• [Exercise requirements]: Copy the data exactly from the line that contains "Набор ключей комбинированных" through the line that contains "Lot of 4. 12mm", keeping both end lines and leaving out everything else.

• [Task input]:
_ _ _

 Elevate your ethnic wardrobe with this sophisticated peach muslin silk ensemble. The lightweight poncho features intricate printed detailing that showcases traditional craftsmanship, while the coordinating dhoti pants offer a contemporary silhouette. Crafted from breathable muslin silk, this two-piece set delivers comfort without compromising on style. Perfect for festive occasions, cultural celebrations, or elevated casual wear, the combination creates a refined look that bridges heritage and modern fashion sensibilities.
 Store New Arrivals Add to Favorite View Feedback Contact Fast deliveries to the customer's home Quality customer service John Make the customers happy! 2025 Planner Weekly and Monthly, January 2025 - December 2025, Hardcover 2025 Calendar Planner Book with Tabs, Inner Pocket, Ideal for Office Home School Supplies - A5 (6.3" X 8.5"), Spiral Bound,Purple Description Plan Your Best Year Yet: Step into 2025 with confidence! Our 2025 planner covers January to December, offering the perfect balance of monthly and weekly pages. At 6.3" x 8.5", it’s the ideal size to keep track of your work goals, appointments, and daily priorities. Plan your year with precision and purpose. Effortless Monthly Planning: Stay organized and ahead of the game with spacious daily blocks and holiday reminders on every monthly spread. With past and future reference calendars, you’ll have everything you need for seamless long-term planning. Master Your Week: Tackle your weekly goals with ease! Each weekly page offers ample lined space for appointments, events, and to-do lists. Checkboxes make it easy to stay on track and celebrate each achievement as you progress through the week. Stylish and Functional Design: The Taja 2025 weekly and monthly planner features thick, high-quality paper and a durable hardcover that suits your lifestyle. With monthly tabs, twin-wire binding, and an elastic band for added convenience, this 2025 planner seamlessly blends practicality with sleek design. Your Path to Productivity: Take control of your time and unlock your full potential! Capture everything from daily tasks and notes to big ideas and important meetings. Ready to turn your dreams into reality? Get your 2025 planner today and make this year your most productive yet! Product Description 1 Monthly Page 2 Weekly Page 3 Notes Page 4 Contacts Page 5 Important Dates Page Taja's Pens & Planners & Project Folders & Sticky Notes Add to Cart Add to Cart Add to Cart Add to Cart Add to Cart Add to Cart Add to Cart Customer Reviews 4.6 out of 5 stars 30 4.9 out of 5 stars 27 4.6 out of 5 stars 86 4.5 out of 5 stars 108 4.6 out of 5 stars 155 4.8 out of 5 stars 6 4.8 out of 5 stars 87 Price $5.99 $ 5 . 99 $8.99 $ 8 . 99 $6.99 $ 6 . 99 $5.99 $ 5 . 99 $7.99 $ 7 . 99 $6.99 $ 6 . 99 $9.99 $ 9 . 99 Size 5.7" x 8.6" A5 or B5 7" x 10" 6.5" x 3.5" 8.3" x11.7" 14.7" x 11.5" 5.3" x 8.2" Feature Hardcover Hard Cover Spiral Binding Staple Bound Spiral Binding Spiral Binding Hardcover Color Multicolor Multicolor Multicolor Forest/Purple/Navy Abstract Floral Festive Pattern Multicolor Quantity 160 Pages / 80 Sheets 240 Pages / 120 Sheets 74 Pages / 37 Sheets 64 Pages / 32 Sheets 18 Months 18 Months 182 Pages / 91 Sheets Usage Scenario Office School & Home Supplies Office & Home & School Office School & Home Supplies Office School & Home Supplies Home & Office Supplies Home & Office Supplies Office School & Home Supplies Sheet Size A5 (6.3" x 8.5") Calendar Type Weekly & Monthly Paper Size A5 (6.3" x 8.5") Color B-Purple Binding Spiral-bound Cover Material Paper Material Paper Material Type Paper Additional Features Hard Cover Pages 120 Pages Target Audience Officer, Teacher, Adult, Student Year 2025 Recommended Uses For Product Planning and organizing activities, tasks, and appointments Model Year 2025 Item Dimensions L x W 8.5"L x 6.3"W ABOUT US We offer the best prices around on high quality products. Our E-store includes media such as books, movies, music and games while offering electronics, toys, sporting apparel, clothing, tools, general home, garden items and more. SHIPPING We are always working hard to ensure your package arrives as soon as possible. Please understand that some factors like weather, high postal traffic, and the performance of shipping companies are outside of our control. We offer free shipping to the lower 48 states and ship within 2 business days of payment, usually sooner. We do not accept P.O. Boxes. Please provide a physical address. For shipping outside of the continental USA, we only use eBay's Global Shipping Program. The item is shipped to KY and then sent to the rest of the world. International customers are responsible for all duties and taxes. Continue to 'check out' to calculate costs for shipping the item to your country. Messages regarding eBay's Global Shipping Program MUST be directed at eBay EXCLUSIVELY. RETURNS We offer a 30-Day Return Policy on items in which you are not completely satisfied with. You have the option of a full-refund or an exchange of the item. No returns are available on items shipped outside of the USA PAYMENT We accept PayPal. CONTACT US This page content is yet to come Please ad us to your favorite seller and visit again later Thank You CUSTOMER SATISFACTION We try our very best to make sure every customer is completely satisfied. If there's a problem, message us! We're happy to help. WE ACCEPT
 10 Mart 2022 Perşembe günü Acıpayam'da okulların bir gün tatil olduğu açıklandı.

_ _ _

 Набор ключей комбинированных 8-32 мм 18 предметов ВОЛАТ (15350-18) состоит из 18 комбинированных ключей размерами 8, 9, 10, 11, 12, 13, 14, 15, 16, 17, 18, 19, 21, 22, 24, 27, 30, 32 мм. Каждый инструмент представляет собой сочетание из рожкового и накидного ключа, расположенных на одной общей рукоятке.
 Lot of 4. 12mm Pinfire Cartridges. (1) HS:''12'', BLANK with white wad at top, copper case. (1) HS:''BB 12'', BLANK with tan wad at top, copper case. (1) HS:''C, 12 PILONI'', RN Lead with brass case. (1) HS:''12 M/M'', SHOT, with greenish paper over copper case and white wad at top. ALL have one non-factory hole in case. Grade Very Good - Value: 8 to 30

_ _ _

• [Exercise answer]:
 Набор ключей комбинированных 8-32 мм 18 предметов ВОЛАТ (15350-18) состоит из 18 комбинированных ключей размерами 8, 9, 10, 11, 12, 13, 14, 15, 16, 17, 18, 19, 21, 22, 24, 27, 30, 32 мм. Каждый инструмент представляет собой сочетание из рожкового и накидного ключа, расположенных на одной общей рукоятке.
 Lot of 4. 12mm Pinfire Cartridges. (1) HS:''12'', BLANK with white wad at top, copper case. (1) HS:''BB 12'', BLANK with tan wad at top, copper case. (1) HS:''C, 12 PILONI'', RN Lead with brass case. (1) HS:''12 M/M'', SHOT, with greenish paper over copper case and white wad at top. ALL have one non-factory hole in case. Grade Very Good - Value: 8 to 30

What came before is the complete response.